Special cases and exceptions 

Processing Landsat 7 images pairs is very common - almost 40 percent of all recent 
Landsat 7 sales use multiple images. However, the processing of over 9,000 scenes for 
GLS2005 has given an unprecedented view into the nuances of scene selection for SLC- 
off image pairs. Areas of persistent clouds during the growing season proved extremely 
problematic for scene selection, even given the depth of the U.S. archive. The scene 
selection task for the North American continent provided many lessons learned. The 
following sections discuss special cases and exemptions encountered during the selection 
and subsequent screening processes. 

Landsat 7 ETM+ bumper mode transition 

On April 1, 2007, the Landsat 7 ETM+ instrument transitioned from Scan Angle Mirror 
(SAM) mode to Bumper Mode. This change of operations occurred when the ETM+ 
scan mirror bumper wear exceeded the specifications for SAM mode operation. Bumper 
mode resulted in an immediate, significant increased scan-time length, which made it 
impossible to form a composite product from images taken in these two incompatible 


26 



modes. To avoid data processing problems, a rule was added to LASSI disallowing an 
image collected prior to April 1 , 2007 to be matched with an image collected after that 
date. 

Gap phase drift 

Biophysically, images acquired more than two years apart could be matched as Landsat 7 
pairs as long as they were seasonally consistent.

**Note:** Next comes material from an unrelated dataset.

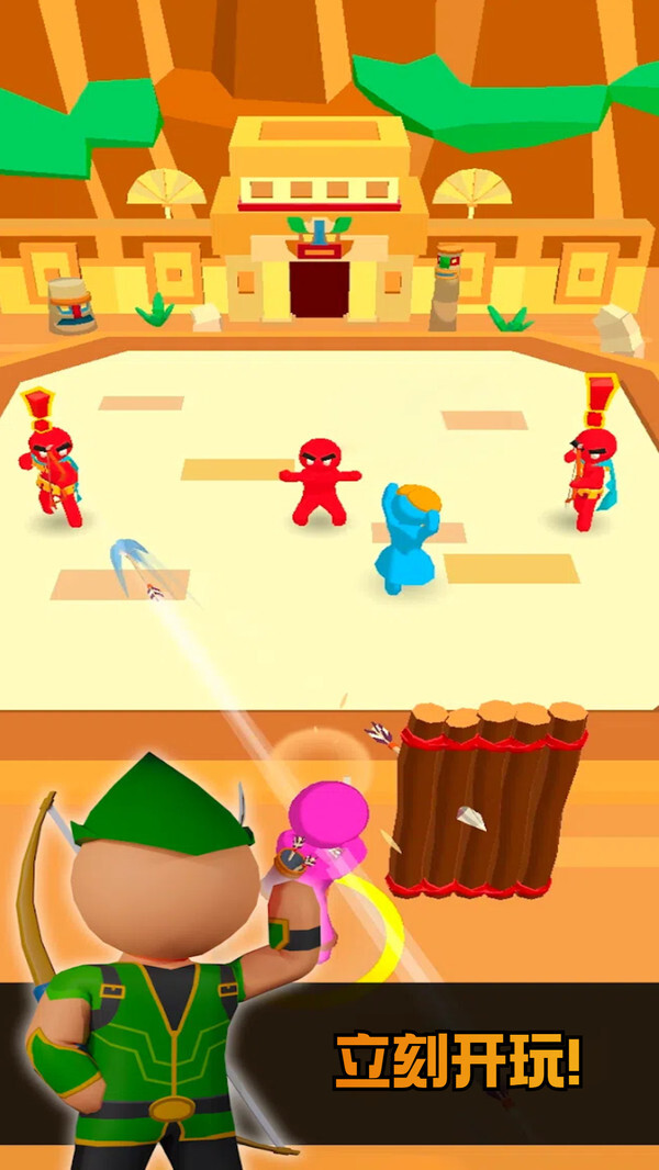 游戏的玩法十分简单,拖动人物即可控制其移动,点击屏幕能操控弓箭,松开手指便会发射箭矢。

However, after processing some of these 
image pairs, the resulting composite product was consistently falling below the predicted 
area coverage. As mentioned above, the scan mirror bumpers on the Landsat 7 ETM+ 
have worn in a linear pattern since launch. As the bumpers wore over time, the ETM+ 
minor scan period lengthened. If images were acquired more than 1 6 months apart, there 
was too great of an offset between images to process them to the predicted area coverage. 
As a result, the Difference in Acquisition Date between pairs (difAD P) parameter 
should have been weighted much higher to preclude the matching of images from dates 
that were too far apart. After learning this lesson, we enhanced LASSI to compute a more 
precise estimate of area-coverage considering the age difference between a candidate pair 
in the computation. Thereafter, LASSI’s automated picks were considerably improved. 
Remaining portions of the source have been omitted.